[Work request]: In the records below, begin at the line containing "Gedenkpenning van metaal" and end at the line containing "Tête de lit 206x4x100 cm Bois massif de pin"; quote every line in that span exactly, including both boundary lines, and no others.

[The data]:

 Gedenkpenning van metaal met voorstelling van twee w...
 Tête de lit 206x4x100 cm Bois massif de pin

...

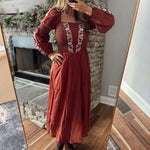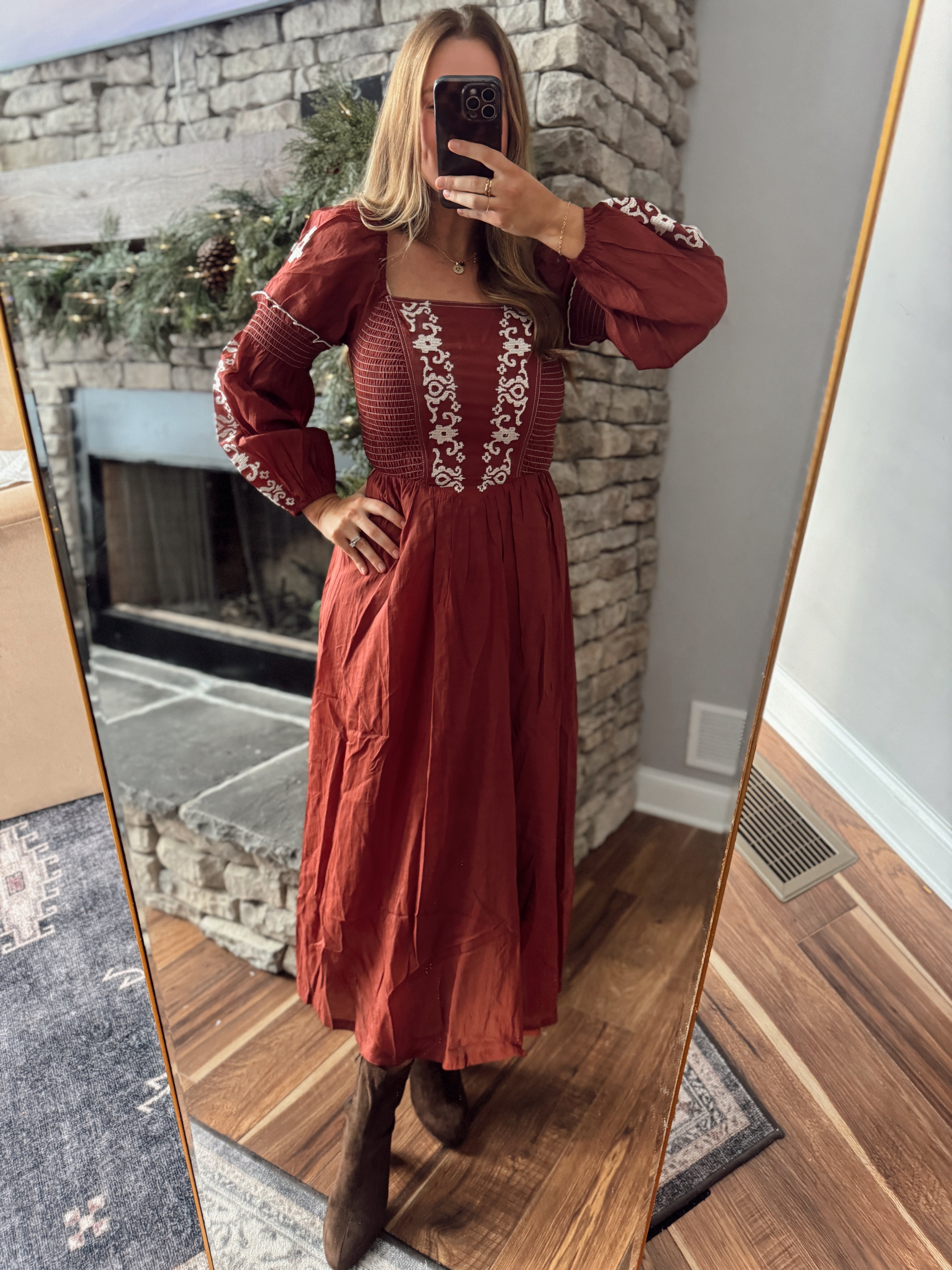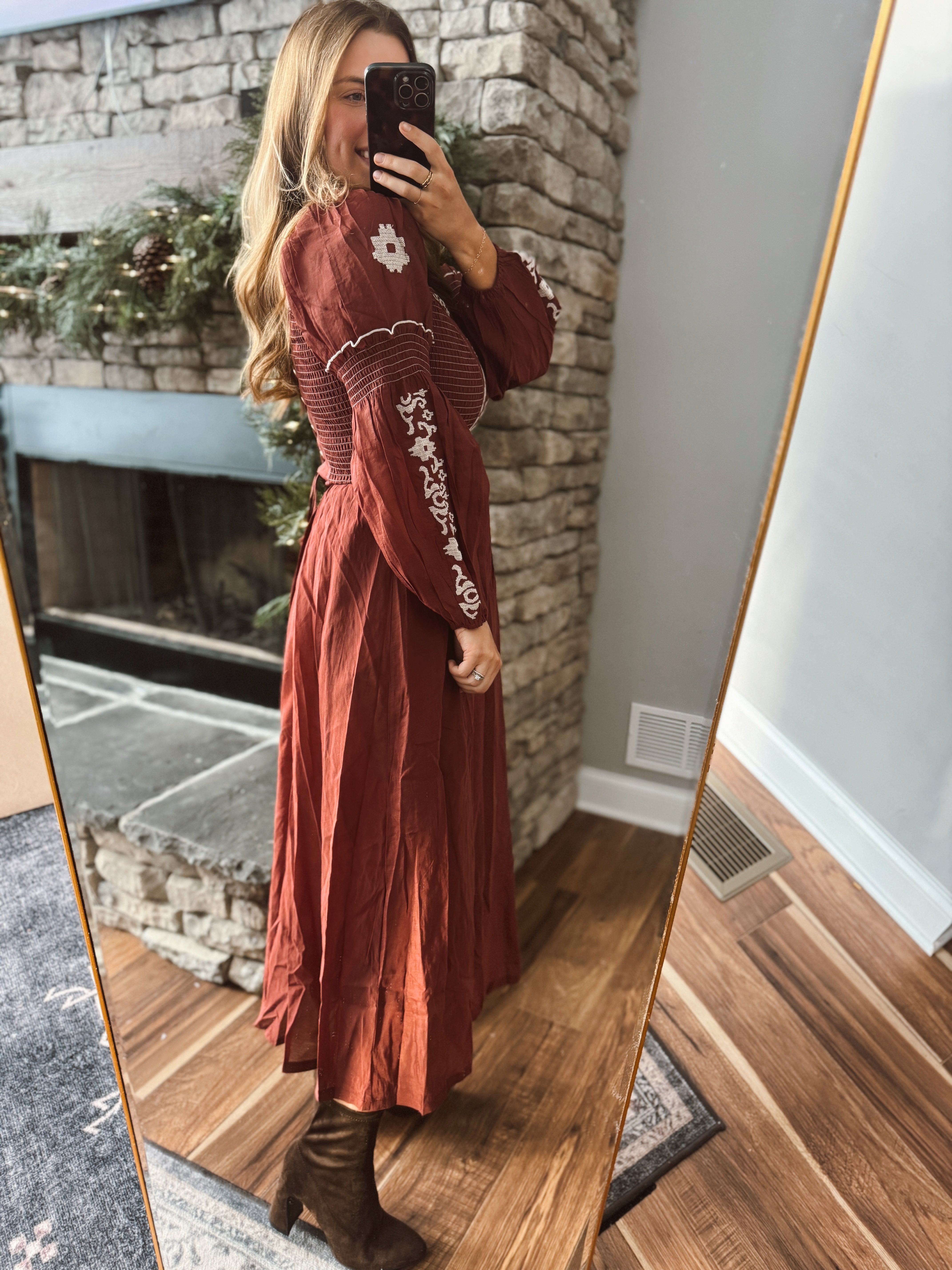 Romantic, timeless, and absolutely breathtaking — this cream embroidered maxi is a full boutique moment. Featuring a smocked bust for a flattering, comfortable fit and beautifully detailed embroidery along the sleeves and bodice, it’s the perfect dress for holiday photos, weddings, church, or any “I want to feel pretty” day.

* * *

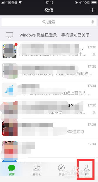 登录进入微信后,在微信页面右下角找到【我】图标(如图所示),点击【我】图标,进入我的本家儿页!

[Task output]:
 Gedenkpenning van metaal met voorstelling van twee w...
 Tête de lit 206x4x100 cm Bois massif de pin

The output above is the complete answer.